Back at her house, Molly's sobbing like a shark's ripping her legs to shreds. The doorbell rings and a gorilla is standing there with a GorillaGram. The gorilla places a boom box on the table and out blasts the karaoke version of "YMCA." The gorilla starts singing about how Jim's a special guy, but she did the right thing and he's got a wife and she left him high and dry and a buncha crap that's supposed to make her feel better but man...I just don't get it. I'd be beating the crap outta the gorilla for even bringing up the sore subject. The gorilla removes its head and it's...Ed. Naturally. They hug and Molly asks if he shouldn't be at the gymnasium right now. Ed says yeah and he's got to be skedaddling but he had time to come over and cheer up his buddy and that was pretty important. Dammit. Let 'em kiss. Let Ed and Molly just get it ONNNN. Let them be a visual interpretation of a Marvin Gaye tune. These two horndogs deserve it.
So Shirley's at the alley and Frankenhomie walks up. They don't say a word to each other as usual. Finally, Frankie speaks up and hits her with the icebreaker of all icebreakers: "How you doin'?" Shirley responds with "Itchy." Frankie walks away, and Shirley beams because she finally said something. Kenny and Phil are watching and Kenny asks Phil, "How cute was that?" Phil gives it a seven...cuter than a chimp wearing overalls but not as cute as a hobo mouse with all its belonging tied to a stick. Me? I'd give it a six...cuter than a naked baby urinating on a VCR but not as cute as the baby getting electrocuted in the process.

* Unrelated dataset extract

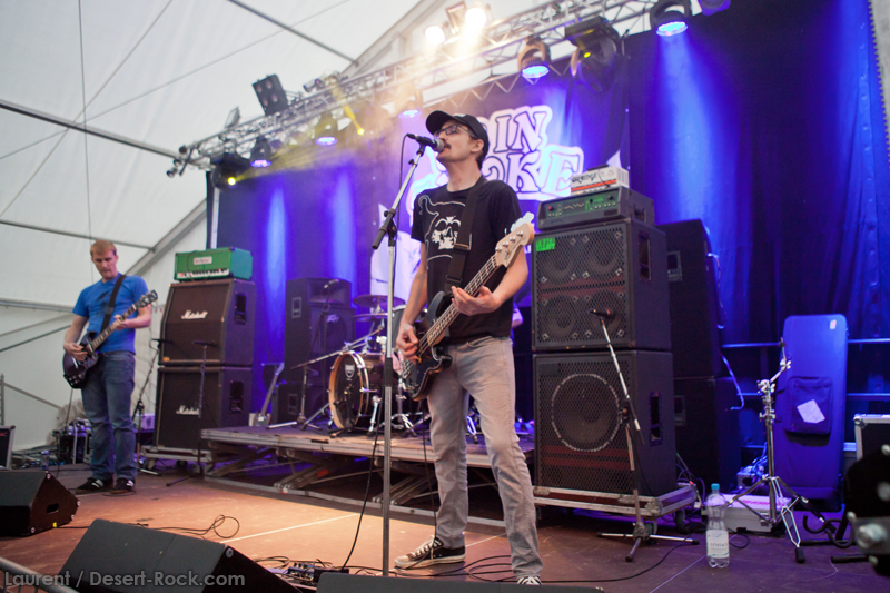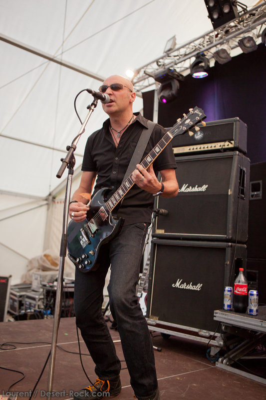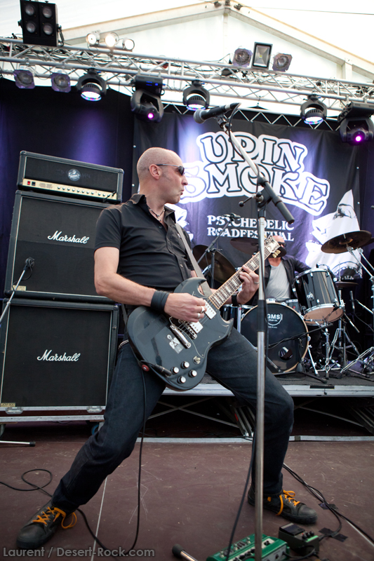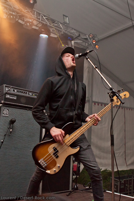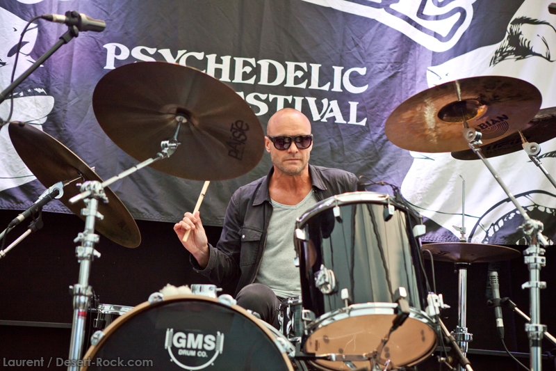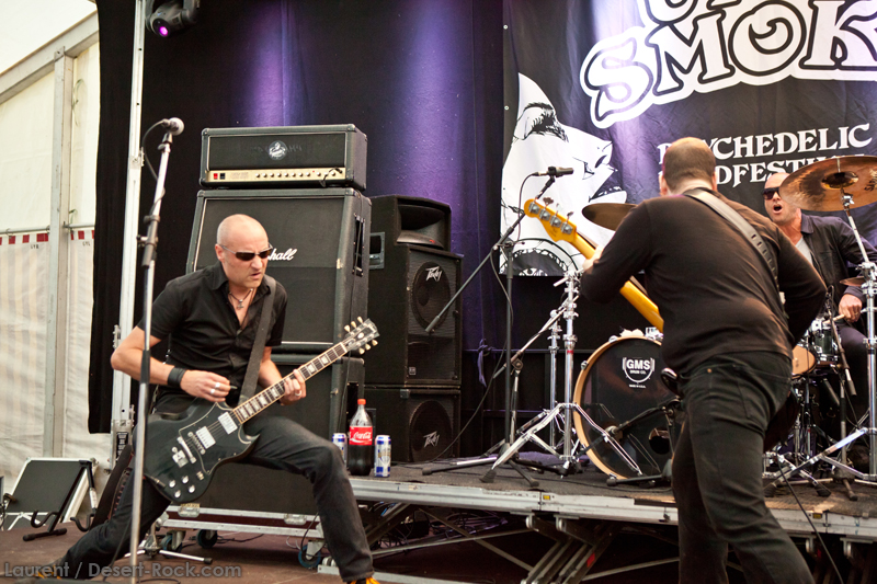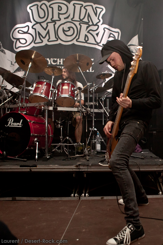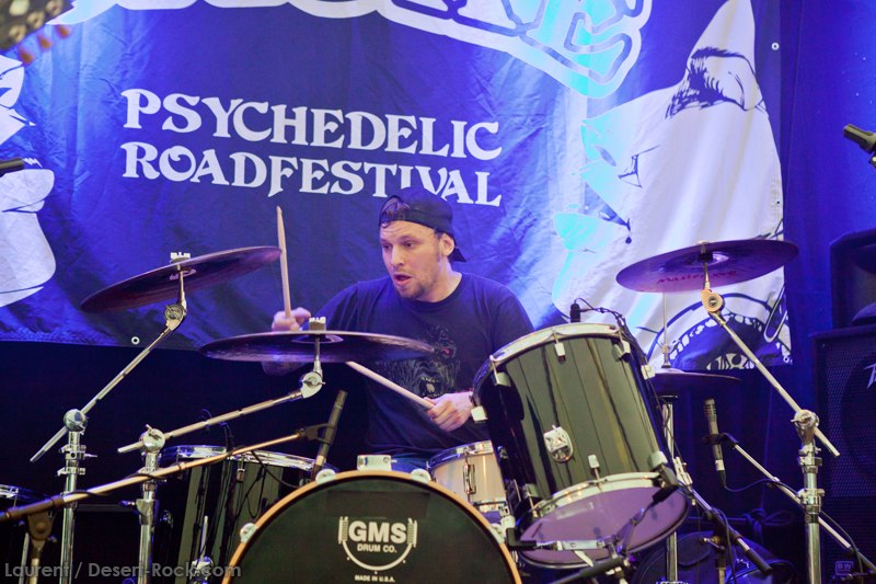 Avec quelques minutes de retard, comme quoi ça arrive aussi en Suisse, nous pénétrons (les premiers) dans le périmètre du festival qui a quelque peu évolué depuis l’an passé. La principale modification étant l’installation, sous une tente, de la Side Stage qui devient donc une scène à part entière sise hors de la salle entre l’entrée, les stands de (mal)bouffe et les tables pour desert-rockers fatigués. C’est sur cette scène de taille fort convenable que nous voyons évoluer la première formation de la journée : Phased. C’est les régionaux de l’étape, quoiqu’avec deux tiers du groupe d’origine scandinave on nage plutôt dans la Grand Europe, et ils ont leur public. Ça échange pas mal avec les premiers rangs même si nous ne sommes encore que quelques poignées de spectateurs dans la place. Le trio a visiblement des fans dans les parages et, vu la discographie impressionnante qu’ils ont déjà alignée depuis la fin des années 90, nous ne sommes pas vraiment étonnés. Au passage, nous notons que même des labels phares du style ont sorti certaines de leurs plaques. Bref ça envoie plutôt bien dans un registre lourd et lent dans la plus pure tradition du doom. Les rasés avaient une demi-heure pour convaincre et c’est chose faite. Les fans de combos alignant des compositions doom rock aux relents psychédéliques sont aux anges. Ca débute bien se dit-on !

Ed and Molly are sipping tea. Ed's STILL bitching about Richard Reid. Molly asks, "The shoe bomber?" and Ed says no, the guy that scored the winning goal in that game fifteen years ago that even people who don't watch Ed are getting sick of hearing about. Molly starts babbling about how when you cut open a tree and it's got all these rings inside and how you can look at those rings and see how some of the years were good ones and some were bad ones but they're all rings and the rings make up the trees. Ed says that Richard Reid has no bad rings in his tree and he never misses foul shots or sees his lover with her husband in a park and never breaks down and has to eat an entire rib roast to soothe his nerves. They talk about trees some more, really fast and really boring. My God. I rewound the tape several times to listen to it over and over again and it's the most nonsensical analogy to life that I've ever heard. I cannot bring myself to transcribe it here. I apologize. If this offends you in anyway, for chrissakes....you aren't missing much. Trust me.